Es wurden keine kontrollierten klinischen Studien durchgeführt

Pharmakodynamik

Es wurden keine Untersuchungen zur Pharmakodynamik durchgeführt

 

Pharmakokinetik

Absorption

Es wurden keine Untersuchungen zur Absorption durchgeführt.

Metabolismus

Es wurden keine Untersuchungen zur Metabolisierung durchgeführt.

Elimination

Es wurden keine Untersuchungen zur Elimination durchgeführt.

 

Präklinische Daten

Akute und subakute Toxizität

Es wurden keine Untersuchungen zur akuten und subakuten Toxizität durchgeführt.

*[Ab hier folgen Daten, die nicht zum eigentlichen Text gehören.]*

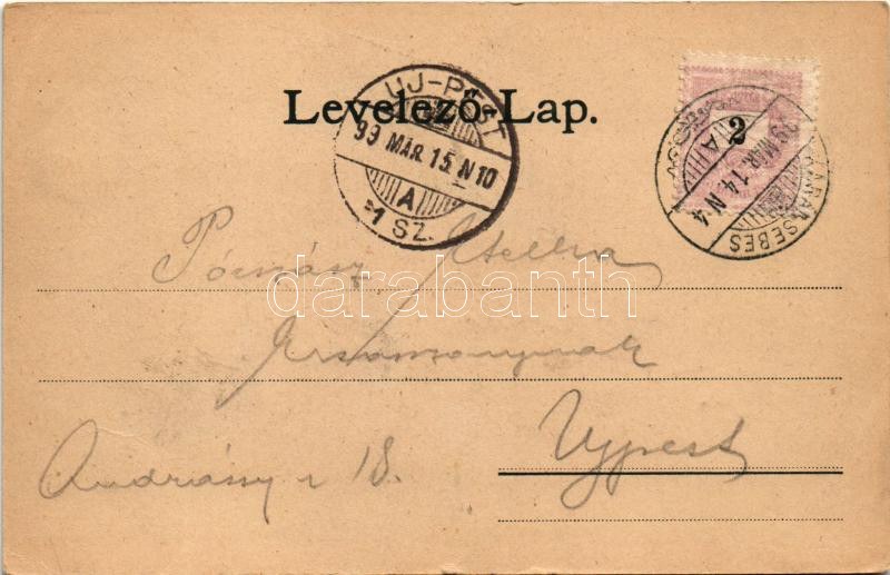 1899 Karánsebes, Caransebes; Hotel zum grünen Baum, Post, Isr. Tempel u. Umgebung, H. Rosenfelds Geschaftslocale / Szálloda a zöld fához, postahivatal, izraelita templom, zsinagóga és környéke, H. Rosenfeld üzlete és saját kiadása / hotel, post office, synagogue, publisher's shop. Art Nouveau, floral (EB)

Mutagenität/ Karzinogenität:

Es wurden keine Untersuchungen bzgl. Karzinogenität durchgeführt. Die Untersuchungen zur Mutagenität zeigten kein Mutagenitätspotential.

 

Reproduktionstoxizität

Es wurden keine Untersuchungen bzgl. Reproduktionstoxizität durchgeführt.

Arbutin

Arbutin, einer der Hauptbestandteile in Bärentraubenblättern, zeigte nach subkutaner Verabreichung an Ratten bei einer Dosierung von 400 mg/kg/Tag eine maternale und fetale Toxizität. Bei der Verabreichung einer Dosierung von 100 mg/kg/Tag wurde keine reproduktionstoxische Wirkung beobachtet. Untersuchungen mit Arbutin zeigten keine Hinweise auf Genotoxizität. Kanzerogenitätsstudien wurden nicht durchgeführt.

Hydrochinon

Toxizitätstests mit Hydrochinon, dem hydrolytischen Produkt des Arbutins, ergaben Hinweise auf Genotoxizität und Karzinogenität. Bei Kurzzeitanwendung wird das Risiko durch die Aufnahme von Hydrochinon als gering betrachtet. Reproduktionstoxikologische Studien wurden nicht durchgeführt.

 

Sonstige Hinweise

Haltbarkeit: Das Arzneimittel darf nur bis zu dem auf der Packung mit „EXP“ bezeichneten Datum verwendet werden.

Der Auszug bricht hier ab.